Für Antonio Citterio ist ein Objekt niemals wirklich fertig designt. Er passt zahlreiche seiner Produkte stets dem aktuellen technischen Stand an oder überarbeitet sie nach neuen Prinzipien. So auch die Kelvin Tischleuchte, die ursprünglich für Halogenlampen konzipiert war. Citterio sah das Potenzial der LED für seinen Entwurf und passte ihn an die besonderen Bedürfnisse des neuen Leuchtmittels an. Das Ergebnis ist ein flacher Leuchtenkopf, der mittels eines Touchdimmers in bis zu drei Stufen auf- und abgedimmt werden kann. Als weitere Neuerung verfügt die Kelvin über den sogenannten Green Mode. Dieser reagiert automatisch auf die bestehenden Lichtverhältnisse und passt die Lichtmenge bedarfsgerecht an.
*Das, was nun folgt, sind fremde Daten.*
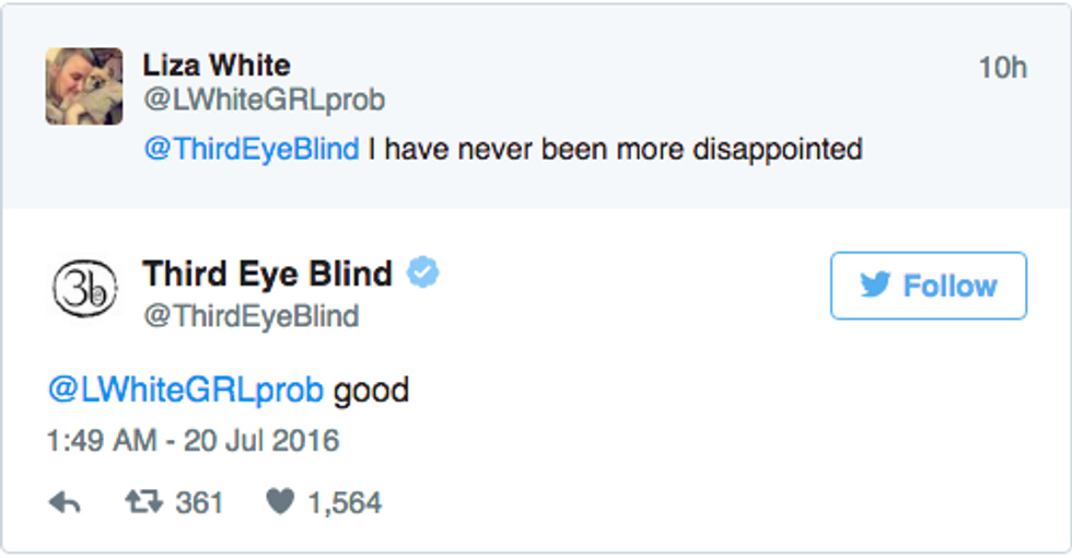 Though some of us may never be able to fully forgive Third Eye Blind for the curse they wrought upon the year 1997, particularly if we worked at a mall around that time, the band did a mitzvah last night while playing a charity event at the Rock and Roll Hall of Fame in Cleveland, and trolled the hell out of the Republicans there for the RNC who had come to see them.

Schon die Vorbilder von Antonio Citterio, Charles und Ray Eames, haben ihre Entwürfe kontinuierlich überarbeitet und neuen Anwendungssituationen angepasst. Aus diesem Grund entstand auch die Mini Kelvin LED. Mit ihr liefert Citterio eine Antwort auf das Problem, wie auch kleine Tische passgenau mit Licht versorgt werden können. Dazu verzichtet sie auf einen zweiten Gelenkarm, ohne dabei ihre Flexibilität einzubüßen. Damit jedoch noch nicht genug: Antonio Citterio entwickelte die Mini Kelvin zu einem Wandeinbausystem weiter, das neben dem Bett oder auch Schreibtisch eingesetzt werden kann und dort behagliches Leselicht verströmt.
 

Antonio Citterio als Unternehmer

Seit 1999 führt Citterio gemeinsam mit Patricia Viel das erfolgreiche Unternehmen „Antonio Citterio & Partners“. Der Dienstleister bietet Kunden auf der ganzen Welt Designlösungen in den Bereichen Architektur, Design und Innenarchitektur an. Mit seinem Studio konnte Antonio Citterio Projekte auf der ganzen Welt verwirklichen, u. a. in Taiwan, Dubai, Deutschland, Italien, Schweiz und Frankreich. Selbst in den USA eröffnete eine Dependance des Büros.

Als erfolgreicher Designer, Architekt und Innenarchitekt kann sich Antonio Citterio seine Projekte selbst aussuchen. Damit verbindet er den Luxus nur dann ein neues Produkt entwerfen zu müssen, wenn er eine gute Lösung für ein Anwendungsproblem gefunden hat. Dass bedeutet jedoch nicht, dass sich Citterio auf seinem bisherigen Erfolg ausruht. Im Gegenteil: Auch mit über 60 Jahren sprüht er noch vor Kreativität und widmet sich immer wieder neuen Herausforderungen. So entwarf er beispielsweise die Belvedere Leuchtenfamilie, die speziell für den Außenbereich konzipiert wurde.
 

Antonio Citterio und die Einheit von Design und Architektur

Für Antonio Citterio unterscheidet sich die Arbeit eines Architekten und Designers nicht. Dies gilt besonders, da sich Citterio der Mailänder Schule der Architektur zurechnet, die sich durch ein ausgeprägtes Verständnis für die Gestaltung des Innen- und Außenraums eines Gebäudes auszeichnet. Beide Bereiche eint, dass es sich jeweils um eine konkrete Lösung für ein bestimmtes räumliches Problem handelt. Daher ist räumliches Denken sowohl für einen Designer als auch für einen Architekten absolut notwendig.

In Citterios Büro befinden sich bis auf ausgewählte Ausnahmen nur Möbel, die er selbst entworfen hat. Dahinter verbirgt sich keine Eitelkeit, sondern schlicht und ergreifend die Auffassung, dass er immer Produkte entwirft, die er auch selbst nutzen möchte. Lediglich ein Stuhl der Eames Brüder und eine Tolomeo Tavolo seines Freundes und Kollegen Michele De Lucchi durchbrechen das Muster.

Die Entwürfe von Antonio Citterio sind mit zahlreichen Preisen und Auszeichnungen bedacht worden. Dazu zählen der Compasso d'Oro in den Jahren 1987 und 1994 und die Ehrung als Royal Designer for Industry. Außerdem ist er Mitglied des italienischen Designrats und lehrt an verschiedenen italienischen Universitäten Design und Architektur.